"Shut It Down" is a song by hip-hop artist/rapper Pitbull featuring Senegalese American R&B and hip hop recording artist and vocalist Akon. It was released as the fourth single from Pitbull's album, Pitbull Starring in Rebelution on November 2, 2009. A remix of the song features vocals by Clinton Sparks.

Music video
The music video was first released onto Pitbull's official Vevo channel on November 24, 2009 and was directed by David Rosseau. It has received over 35 million views. The video is about secrecy, intelligence agents and criminal activities, in which there was signed an agreement between the two groups and they agree to keep it a secret but this data is taken by agents of Pitbull in the end.
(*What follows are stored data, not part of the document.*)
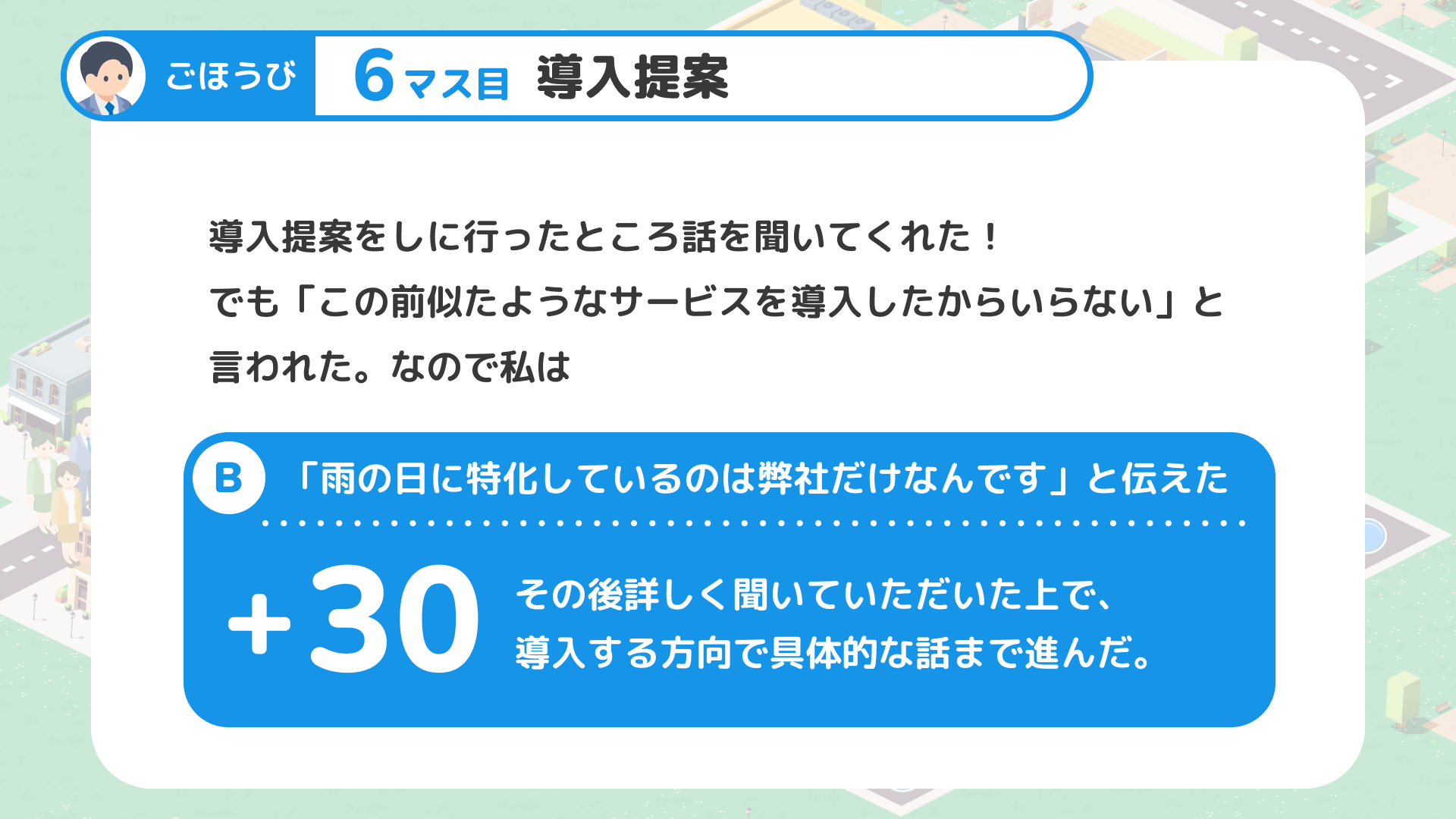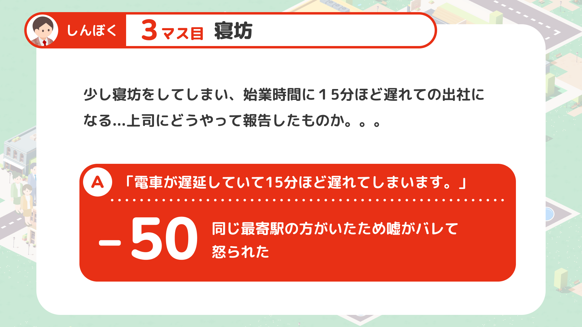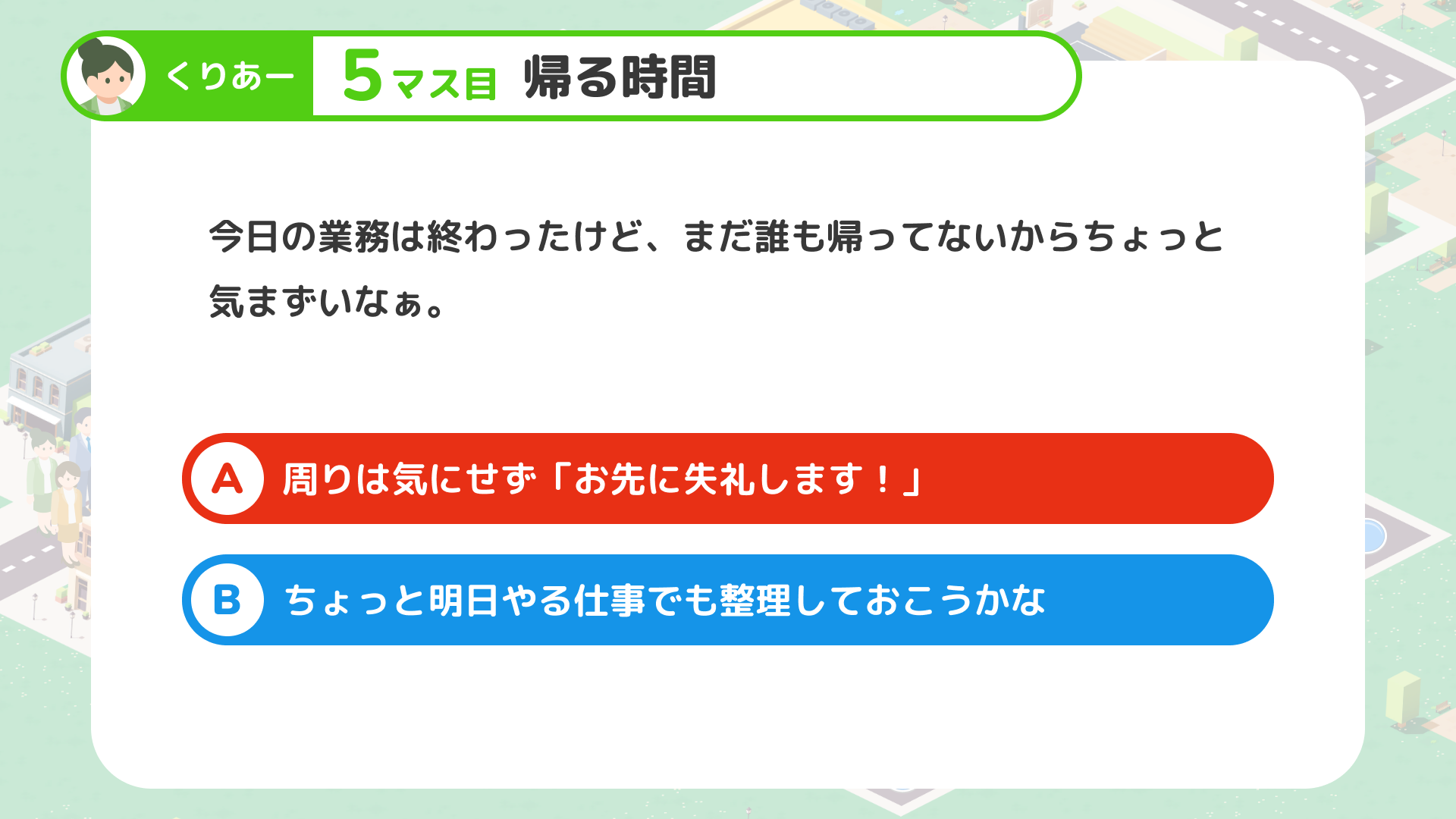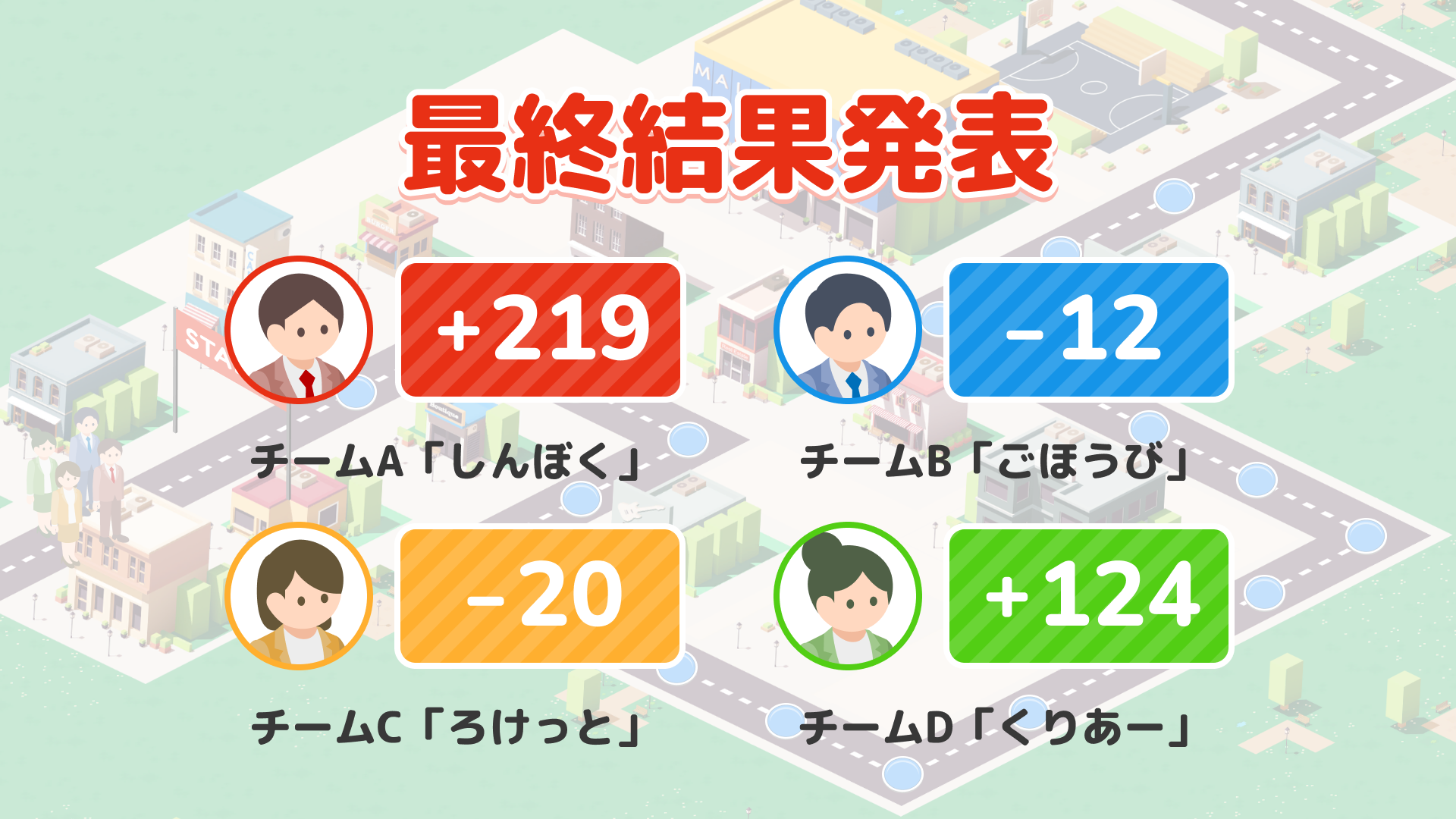 最大20名が4チームでプレイし、日々の判断シーンを「状況・選択肢・結果」としてマス化、チームで議論しながら意思決定を疑似体験できます。
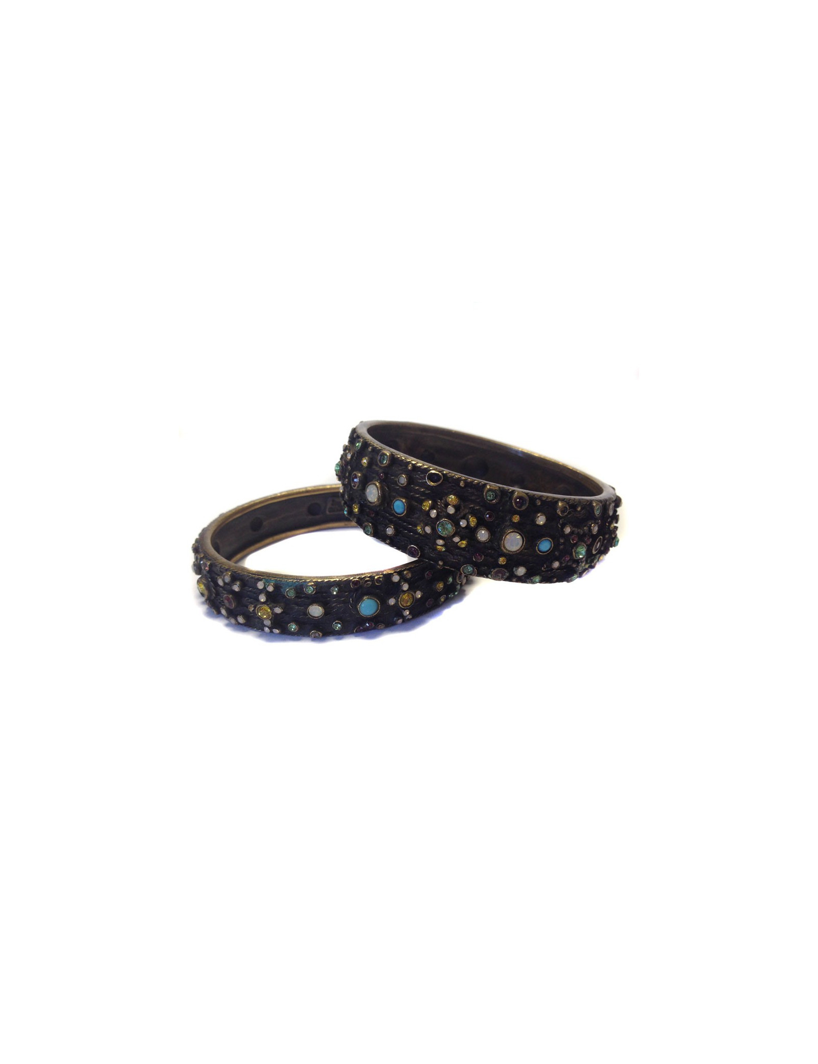Two lovely bracelets Jean Paul Gaultier, color metal copper, set with Rhinestones and pearls of colors. In very good condition.
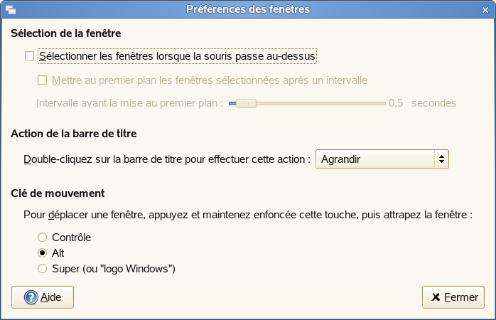 Utilisez l'outil Préférences des fenêtres pour personnaliser le comportement des fenêtres sur le bureau. Vous pouvez déterminer comment la fenêtre réagit lorsqu'elle est en contact avec le pointeur de la souris ou lorsque vous double-cliquez sur sa barre de titre, et définir la touche à maintenir enfoncée pour déplacer une fenêtre d'application.
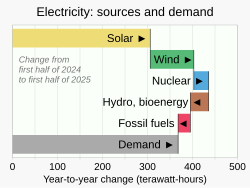 97. Wiatros-Motyka, Małgorzata; Rangelova, Kostantsa (7 October 2025). "Global Electricity Mid-Year Insights 2025". Ember. p. 4. https://ember-energy.org/app/uploads/2025/10/Global-Electricity-Mid-Year-Insights-2025-PDF.pdf. "Solar and wind outpaced demand growth in the first half of 2025. ... This led to renewables overtaking coal’s share in the global mix and prevented further increases in CO2 emissions from the power sector."
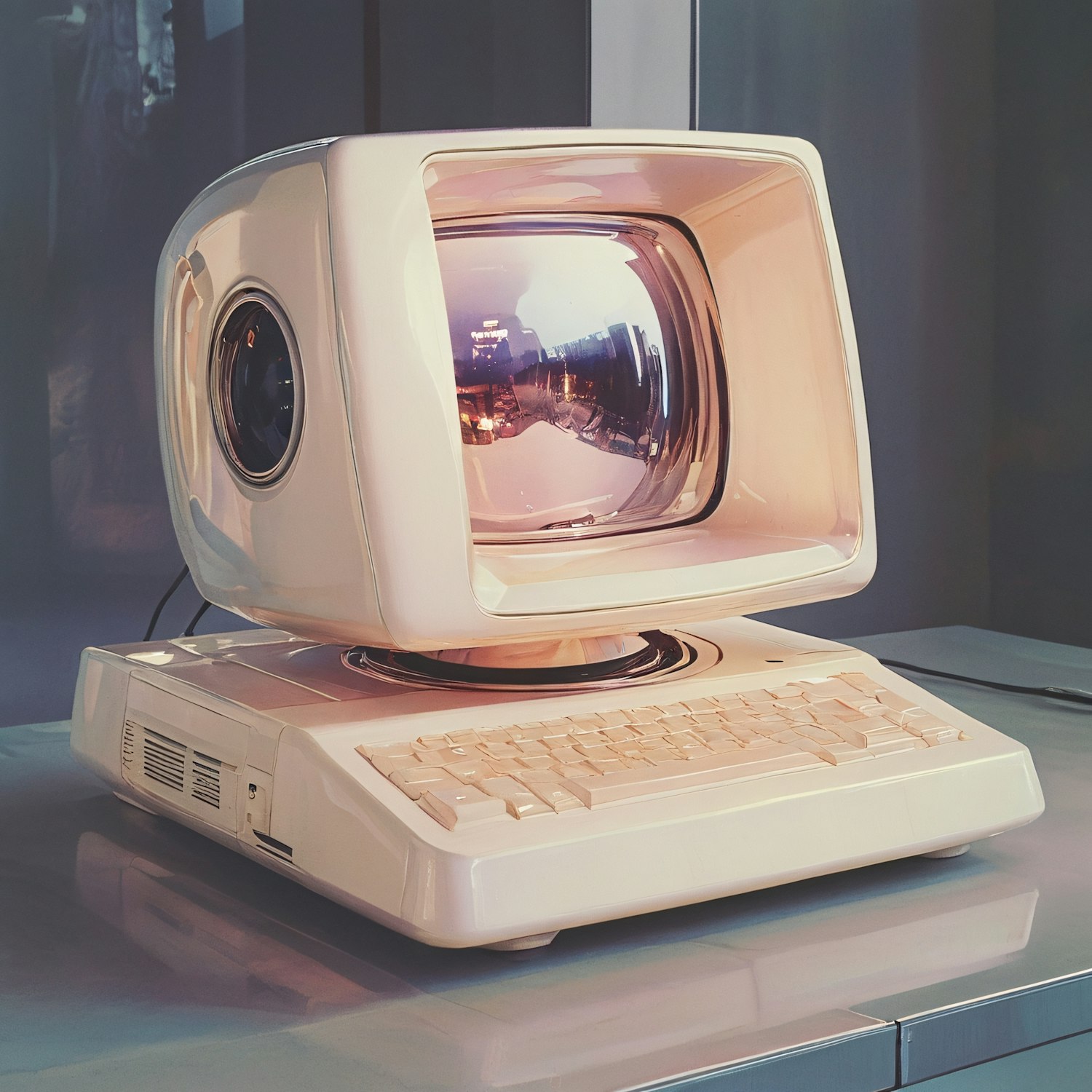 Retro-futuristic computer with a glossy, rounded monitor and cream-colored casing on a sleek surface.
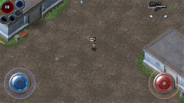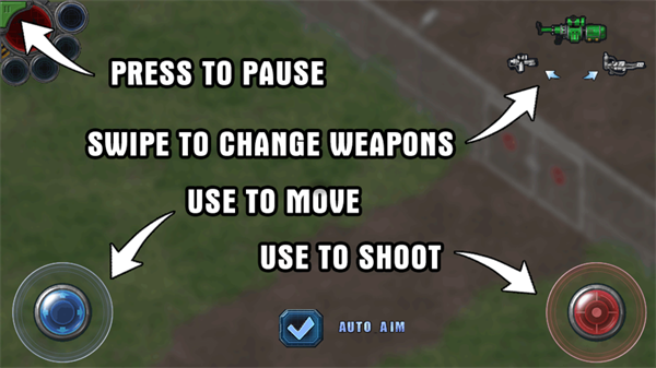 3、进入游戏界面后,先看看按键介绍,左下角是控制角色移动的按键,右下角是射击键。
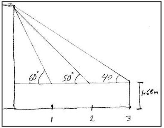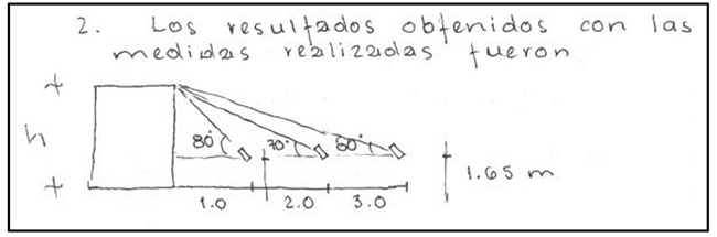 Encontramos nueve reportes (21%) que no indican una relación lineal entre el ángulo y la distancia a la que se sitúan del objetivo (Figura 8), once reportes (26%) que la establecen entre dos ángulos-distancias (Figura 9); y diez y siete reportes (40%) que la establecen entre los 3 ángulos-distancia (Figura 10). Tres profesores no reportan las medidas del ángulo, aunque declaran haberlos medido; y en otros dos de los reportes no hicieron las mediciones porque utilizaron triángulos semejantes a partir de la inclinación del tubo dirigido al objetivo.

Akon on the tip of information follows them but fails to capture them. The video ends with Pitbull and another woman in the plane and Akon looking at them from the ground.

Chart performance
"Shut It Down" debuted at number 85 on the US Billboard Hot 100 on the chart dated December 19, 2009. In its second week, the song moved to number 83 on the chart. On the week of February 13, 2010, the single reached its peak at number 42.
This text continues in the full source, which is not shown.